● **What the task requires**:
No pictures belong in the copy. Retype exactly, and only, the stretch of lines below from the one with "Сумка чемодан 2" through the one with "Manual focus wide-normal".

● **Dataset section**:
------------------------

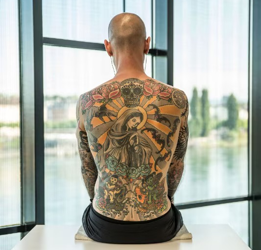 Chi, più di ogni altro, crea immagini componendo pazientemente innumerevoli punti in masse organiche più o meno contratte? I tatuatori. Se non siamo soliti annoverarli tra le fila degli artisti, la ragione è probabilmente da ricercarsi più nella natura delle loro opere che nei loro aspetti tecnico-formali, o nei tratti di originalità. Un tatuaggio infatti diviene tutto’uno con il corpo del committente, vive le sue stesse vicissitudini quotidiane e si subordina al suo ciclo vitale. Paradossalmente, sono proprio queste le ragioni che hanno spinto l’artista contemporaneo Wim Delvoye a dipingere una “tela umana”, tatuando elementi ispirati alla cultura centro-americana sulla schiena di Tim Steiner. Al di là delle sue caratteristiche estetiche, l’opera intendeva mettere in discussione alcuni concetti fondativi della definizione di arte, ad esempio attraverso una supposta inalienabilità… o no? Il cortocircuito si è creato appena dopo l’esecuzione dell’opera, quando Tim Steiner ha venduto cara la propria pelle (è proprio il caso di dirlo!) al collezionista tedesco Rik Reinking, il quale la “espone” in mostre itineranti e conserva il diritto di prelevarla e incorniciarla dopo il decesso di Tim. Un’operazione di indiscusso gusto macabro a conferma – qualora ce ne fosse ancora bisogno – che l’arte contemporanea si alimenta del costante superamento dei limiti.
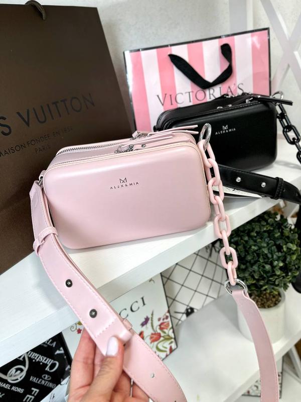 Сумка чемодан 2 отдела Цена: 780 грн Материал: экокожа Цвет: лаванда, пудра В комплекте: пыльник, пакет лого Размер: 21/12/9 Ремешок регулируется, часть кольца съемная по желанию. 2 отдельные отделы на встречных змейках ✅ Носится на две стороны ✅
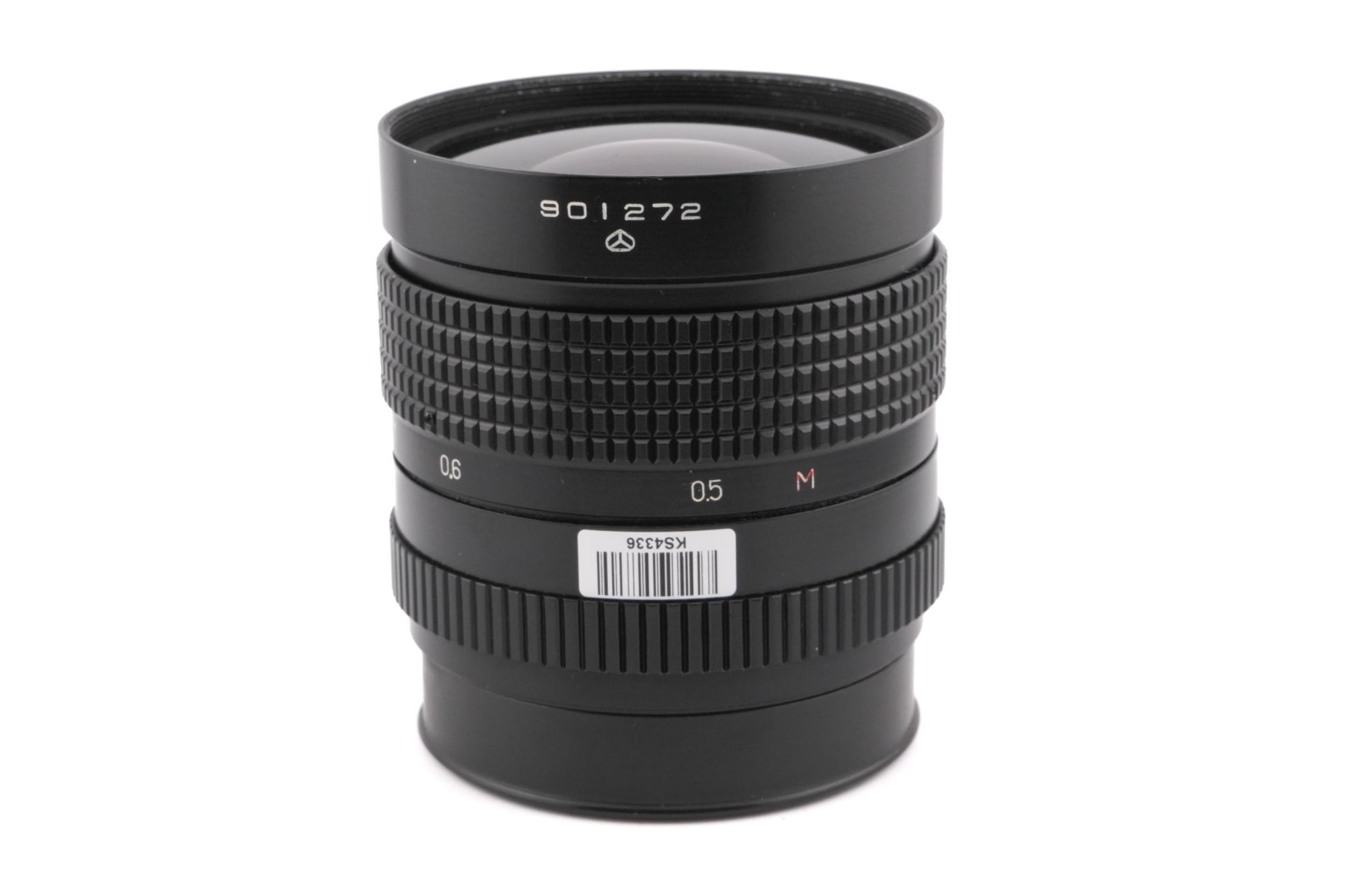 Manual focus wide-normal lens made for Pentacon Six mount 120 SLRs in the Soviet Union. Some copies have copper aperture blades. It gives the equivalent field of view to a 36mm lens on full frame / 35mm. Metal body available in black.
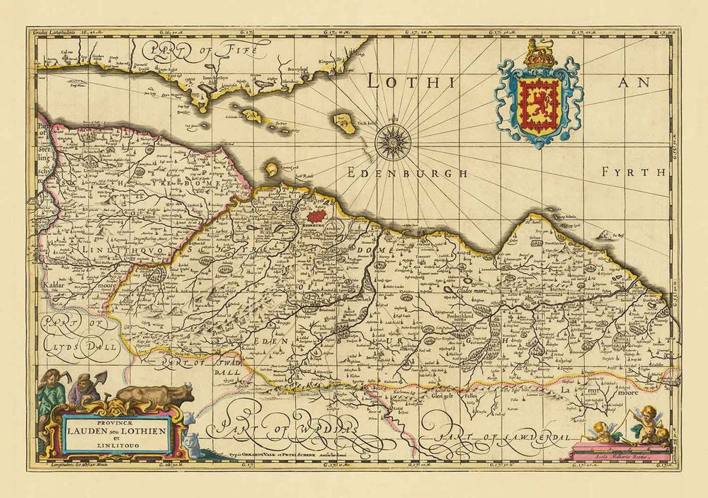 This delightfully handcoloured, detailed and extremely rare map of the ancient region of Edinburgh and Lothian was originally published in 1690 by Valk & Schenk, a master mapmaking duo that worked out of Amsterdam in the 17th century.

------------------------

● **Task result**:
 Сумка чемодан 2 отдела Цена: 780 грн Материал: экокожа Цвет: лаванда, пудра В комплекте: пыльник, пакет лого Размер: 21/12/9 Ремешок регулируется, часть кольца съемная по желанию. 2 отдельные отделы на встречных змейках ✅ Носится на две стороны ✅
 Manual focus wide-normal lens made for Pentacon Six mount 120 SLRs in the Soviet Union. Some copies have copper aperture blades. It gives the equivalent field of view to a 36mm lens on full frame / 35mm. Metal body available in black.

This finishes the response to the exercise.